Indexing Documents with Field Data Types
Suppose We need to index a document into our my_index
index to demonstrate how field data types are applied in Elasticsearch.
POST /my_index/_doc/1
{
"title": "Product A",
"category": "Electronics",
"quantity": 100,
"price": 49.99,
"is_active": true,
"created_at": "2022-05-01T12:00:00"
}
Explanation: In this example, we use a POST
request to index a document with various field data types into the my_index
index. Each field in the document corresponds to a specific field data type in Elasticsearch, such as text, keyword, integer, float, boolean, and date.
Retrieving Mapping Information
Suppose We want to retrieve mapping information for the my_index
index to understand how field data types are mapped in Elasticsearch.
GET /my_index/_mapping
Sample Output:
{
"my_index": {
"mappings": {
"properties": {
"title": {
"type": "text"
},
"category": {
"type": "keyword"
},
"quantity": {
"type": "integer"
},
"price": {
"type": "float"
},
"is_active": {
"type": "boolean"
},
"created_at": {
"type": "date"
}
}
}
}
}
Explanation: The GET
request to the _mapping
endpoint retrieves the mapping information for the my_index
index.

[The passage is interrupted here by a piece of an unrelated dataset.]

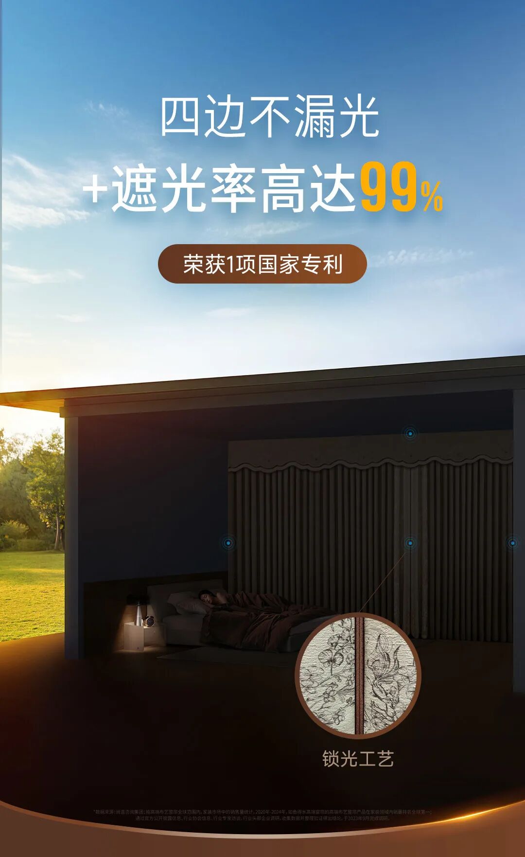 ✨ 专利防漏光技术:99%物理遮光+四边不漏光工艺,窗外天光大亮,卧室依然如深夜般静谧,让褪黑素自由分泌。

This information includes the field data types for each field in the index, allowing us to understand how Elasticsearch interprets and indexes our data.
Querying Documents with Field Data Types
Suppose We need to query documents based on their field data types, such as finding products with a price less than 50
GET /my_index/_search
{
"query": {
"range": {
"price": {
"lt": 50
}
}
}
}
Explanation: This GET
request to the _search
endpoint uses a range query to find documents in the my_index
index where the price
field is less than 50. By specifying the field data type (float
) and the range (lt
: less than), we can retrieve relevant documents based on their numeric values.
Conclusion
Mapping types and field data types are foundational concepts in Elasticsearch that play a crucial role in organizing and querying data. By understanding mapping types and selecting appropriate field data types for your index, you can optimize search performance and ensure accurate representation of your data.
In this article, we explored the basics of mapping types, common field data types, and their significance in Elasticsearch. We also provided practical examples and outputs to illustrate how mappings and field data types are defined, indexed, and queried in Elasticsearch. With this knowledge, you'll be better equipped to design and manage Elasticsearch indices effectively for your applications.